Below I provide the portion of the output. I print out the input dimension before calling the loss.module.sample_elbo and that should have the batch_size x no_variables (which is correctly printed out). However, inside the model's forward map it should print out the dimensions of each smaller batch taken by each of the GPU so it should have printed out 8 lines as 'In Model: input size torch.Size([2, 13])'. But apparently, it is only putting data on one GPU.

Could you please let me know what needs to be done for this to work on multiple GPUs?

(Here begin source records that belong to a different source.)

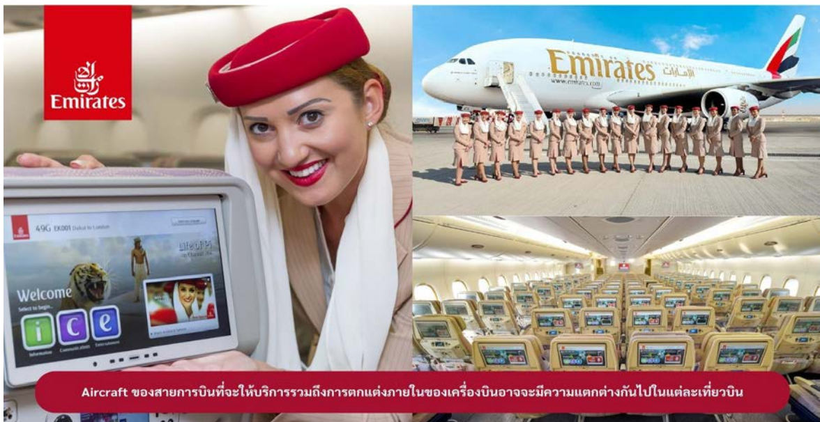
Aircraft ของสายการบินที่จะให้บริการรวมถึงการตกแต่งภายในของเครื่องบินอาจมีความแตกต่างกันไปในแต่ละเที่ยวบิน
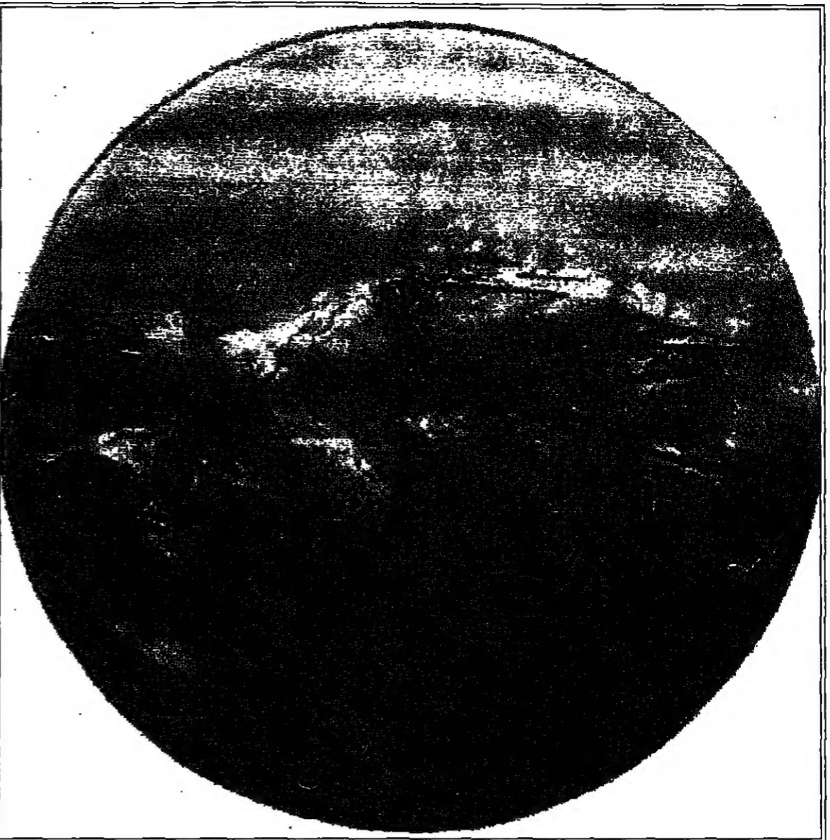
عملان لرافع الناصري
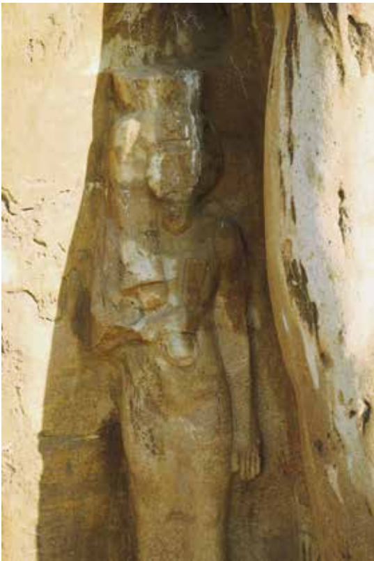
C. Princesse debout (détail d'un des colosses de Ramsès II à Tanis).
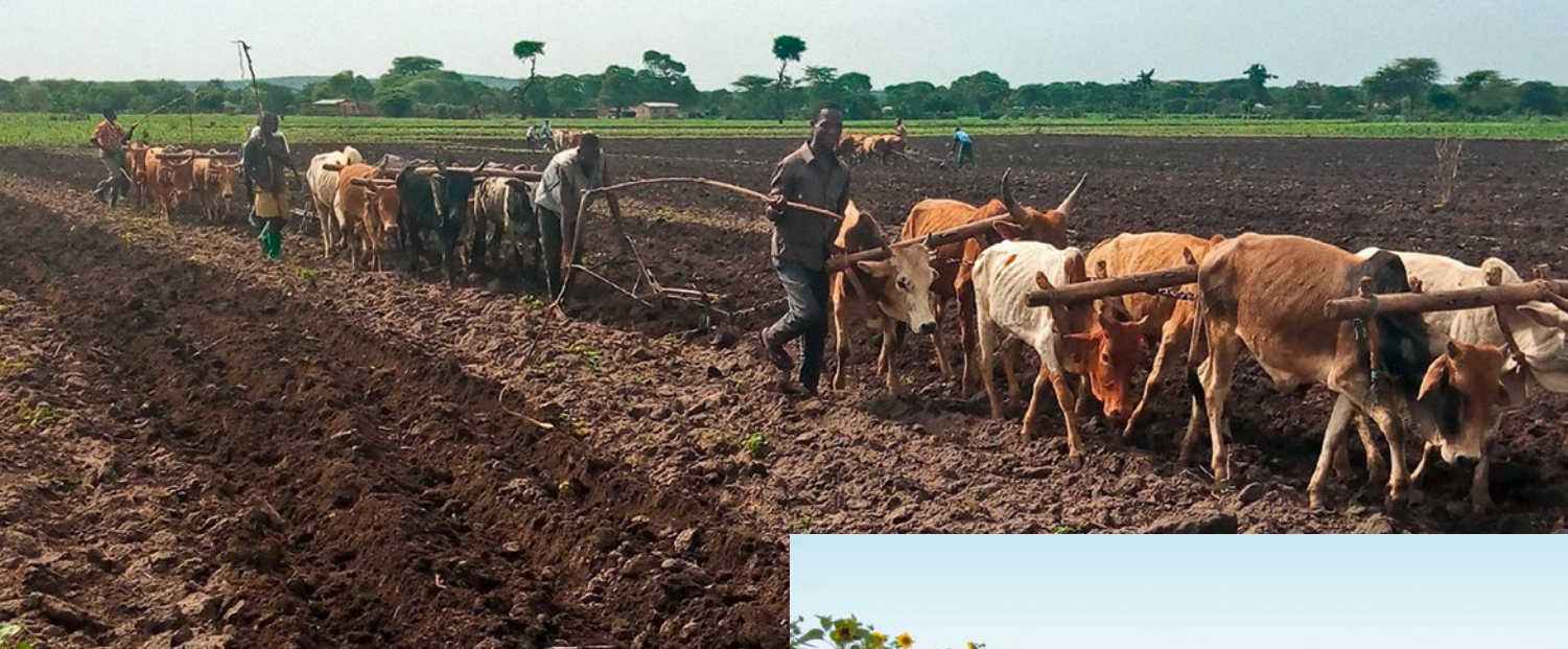
▲ Im Nordwesten Tansanias bereiten Baumwollbauern ihre Felder für die Aussaat von Bio-Baumwolle vor.
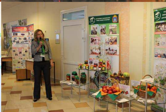
ФОТО: II ВСЕРОССИЙСКИЙ СЪЕЗД СЕЛЬСКИХ УЧИТЕЛЕЙ «СЕЛЬСКАЯ ШКОЛА В РОССИИ: КАЧЕСТВО, ДОСТУПНОСТЬ, ПРОФЕССИОНАЛИЗМ». ТАМБОВ, 17–19 НОЯБРЯ 2014 ГОДА
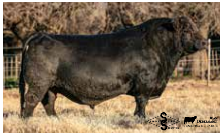
BOTIJA, su hermano.

FYI: I use the methods suggested here to check whether multiple GPUs are actually being used for processing the input batch.

Let's use 8 GPUs!
Outside: input size torch.Size([16, 13])
        In Model: input size torch.Size([16, 13])
Outside: input size torch.Size([16, 13])
        In Model: input size torch.Size([16, 13])
Outside: input size torch.Size([16, 13])
        In Model: input size torch.Size([16, 13])
Outside: input size torch.Size([16, 13])
        In Model: input size torch.Size([16, 13])
Outside: input size torch.Size([16, 13])
        In Model: input size torch.Size([16, 13])
Outside: input size torch.Size([16, 13])
        In Model: input size torch.Size([16, 13])
Outside: input size torch.Size([16, 13])
        In Model: input size torch.Size([16, 13])
Outside: input size torch.Size([16, 13])
        In Model: input size torch.Size([16, 13])
Outside: input size torch.Size([16, 13])
        In Model: input size torch.Size([16, 13])

[piEsposito]

That is still not on our roadmap, and I think that the probabilistic layers do not implement all the needed inferfaces to comply with Torch DataParallel. if you want to work on that, it would be much appreciated.

[jsanket123]

Hey thanks for getting back to me. I was able to implement my model in a parallelized way. It definitely takes lots of restructuring than what we normally do for one GPU. This is my current work so I will not be releasing it until I go through the review process for my paper.